= Rock the Slut Vote =

American political slogan

Rock the Slut Vote is a registered trademark that was issued on January 22, 2013, by the United States Patent and Trademark Office (USPTO) to Susan MacMillan Emry.

==Description==
Emry applied for the trademark to use as part of a feminist public relations campaign centering on American politics and voting. The name originated from a remark made by conservative commentator, Rush Limbaugh, who called Georgetown University law student Sandra Fluke a "slut" after she testified in favor of contraceptives at a Congressional hearing in February, 2012.

==Brand name==
In interviews with journalists, Emry states that "she chose to brand the site with the derogatory term in an effort to take it back and turn it into a rallying cry".

==Mission==
The stated mission of the campaign "is to fight the GOP effort to bully, subjugate and silence women. We will wrest the power from the word slut and help women get informed, get involved, get registered and vote." The graphic used by the campaign is a lipstick mark representing a full kiss. The campaign created a website in 2012 that offered assistance in registering to vote and provided templates for people to use to contact their representatives with a focus on rights to reproductive health care. The campaign also launched a Facebook page in 2012.

==Criticism==
The founder of the campaign and owner of the trademark, Emry, and another spokesperson, Kimberley A. Johnson, report receiving criticism about the name of the campaign from both left and right.
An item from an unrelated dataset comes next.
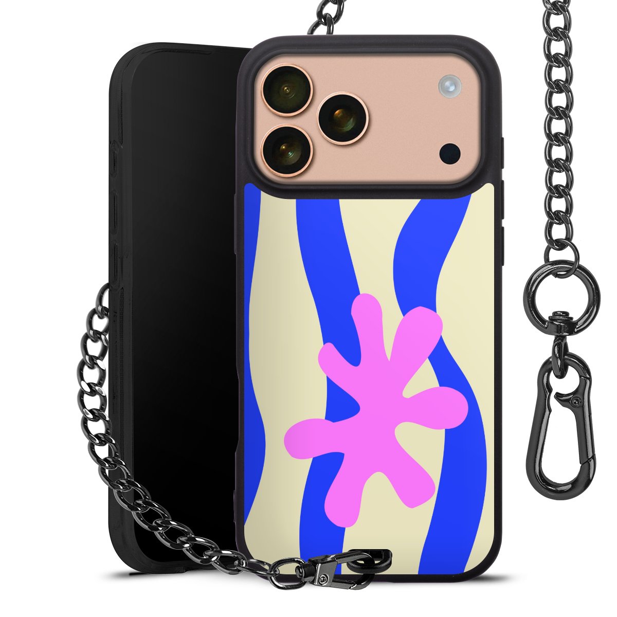 - Mattschwarze Handyhülle mit Metallkette

Emry states that some of the harshest criticisms have come from the political right.

==Book==
Emry also wrote a short book entitled Rock the Slut Vote; American Edition: Navigating the Republican War on Women; it was illustrated by Candace Foy.

==Founder==
Emry, the founder of the site and the holder of the registered trademark, was born in 1956. She has two children and lives in San Luis Obispo, California.